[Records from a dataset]
+ + + + +

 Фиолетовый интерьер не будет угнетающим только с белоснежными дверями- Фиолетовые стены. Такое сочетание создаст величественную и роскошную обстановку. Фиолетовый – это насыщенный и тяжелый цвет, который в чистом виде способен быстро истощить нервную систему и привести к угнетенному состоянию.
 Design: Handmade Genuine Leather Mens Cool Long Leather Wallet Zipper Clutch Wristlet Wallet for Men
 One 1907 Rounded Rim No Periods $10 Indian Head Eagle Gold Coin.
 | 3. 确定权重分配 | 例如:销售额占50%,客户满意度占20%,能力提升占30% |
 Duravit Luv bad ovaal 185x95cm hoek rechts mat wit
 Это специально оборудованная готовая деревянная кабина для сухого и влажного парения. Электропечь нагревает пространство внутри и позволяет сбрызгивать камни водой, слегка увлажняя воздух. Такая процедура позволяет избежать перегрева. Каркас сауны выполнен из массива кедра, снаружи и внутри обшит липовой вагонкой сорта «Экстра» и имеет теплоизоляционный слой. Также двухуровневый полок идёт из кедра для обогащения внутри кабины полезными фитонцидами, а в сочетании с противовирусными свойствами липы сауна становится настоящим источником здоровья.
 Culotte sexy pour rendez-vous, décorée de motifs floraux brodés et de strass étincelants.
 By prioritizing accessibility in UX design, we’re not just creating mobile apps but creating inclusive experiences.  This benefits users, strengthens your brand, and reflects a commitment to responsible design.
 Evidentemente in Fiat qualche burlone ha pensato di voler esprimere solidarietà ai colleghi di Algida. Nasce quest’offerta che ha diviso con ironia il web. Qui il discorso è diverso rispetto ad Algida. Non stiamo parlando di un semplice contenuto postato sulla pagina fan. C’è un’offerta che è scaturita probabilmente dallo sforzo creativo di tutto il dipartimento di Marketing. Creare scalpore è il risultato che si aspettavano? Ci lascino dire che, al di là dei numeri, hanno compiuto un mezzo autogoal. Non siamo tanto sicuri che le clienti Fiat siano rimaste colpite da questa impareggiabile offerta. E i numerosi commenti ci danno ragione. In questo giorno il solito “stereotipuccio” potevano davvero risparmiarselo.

+ + + + +

[EXERCISE PROMPT]
Write every entry out again. Keep each one exact.

[TASK ANSWER]
 Фиолетовый интерьер не будет угнетающим только с белоснежными дверями- Фиолетовые стены. Такое сочетание создаст величественную и роскошную обстановку. Фиолетовый – это насыщенный и тяжелый цвет, который в чистом виде способен быстро истощить нервную систему и привести к угнетенному состоянию.
 Design: Handmade Genuine Leather Mens Cool Long Leather Wallet Zipper Clutch Wristlet Wallet for Men
 One 1907 Rounded Rim No Periods $10 Indian Head Eagle Gold Coin.
 | 3. 确定权重分配 | 例如:销售额占50%,客户满意度占20%,能力提升占30% |
 Duravit Luv bad ovaal 185x95cm hoek rechts mat wit
 Это специально оборудованная готовая деревянная кабина для сухого и влажного парения. Электропечь нагревает пространство внутри и позволяет сбрызгивать камни водой, слегка увлажняя воздух. Такая процедура позволяет избежать перегрева. Каркас сауны выполнен из массива кедра, снаружи и внутри обшит липовой вагонкой сорта «Экстра» и имеет теплоизоляционный слой. Также двухуровневый полок идёт из кедра для обогащения внутри кабины полезными фитонцидами, а в сочетании с противовирусными свойствами липы сауна становится настоящим источником здоровья.
 Culotte sexy pour rendez-vous, décorée de motifs floraux brodés et de strass étincelants.
 By prioritizing accessibility in UX design, we’re not just creating mobile apps but creating inclusive experiences.  This benefits users, strengthens your brand, and reflects a commitment to responsible design.
 Evidentemente in Fiat qualche burlone ha pensato di voler esprimere solidarietà ai colleghi di Algida. Nasce quest’offerta che ha diviso con ironia il web. Qui il discorso è diverso rispetto ad Algida. Non stiamo parlando di un semplice contenuto postato sulla pagina fan. C’è un’offerta che è scaturita probabilmente dallo sforzo creativo di tutto il dipartimento di Marketing. Creare scalpore è il risultato che si aspettavano? Ci lascino dire che, al di là dei numeri, hanno compiuto un mezzo autogoal. Non siamo tanto sicuri che le clienti Fiat siano rimaste colpite da questa impareggiabile offerta. E i numerosi commenti ci danno ragione. In questo giorno il solito “stereotipuccio” potevano davvero risparmiarselo.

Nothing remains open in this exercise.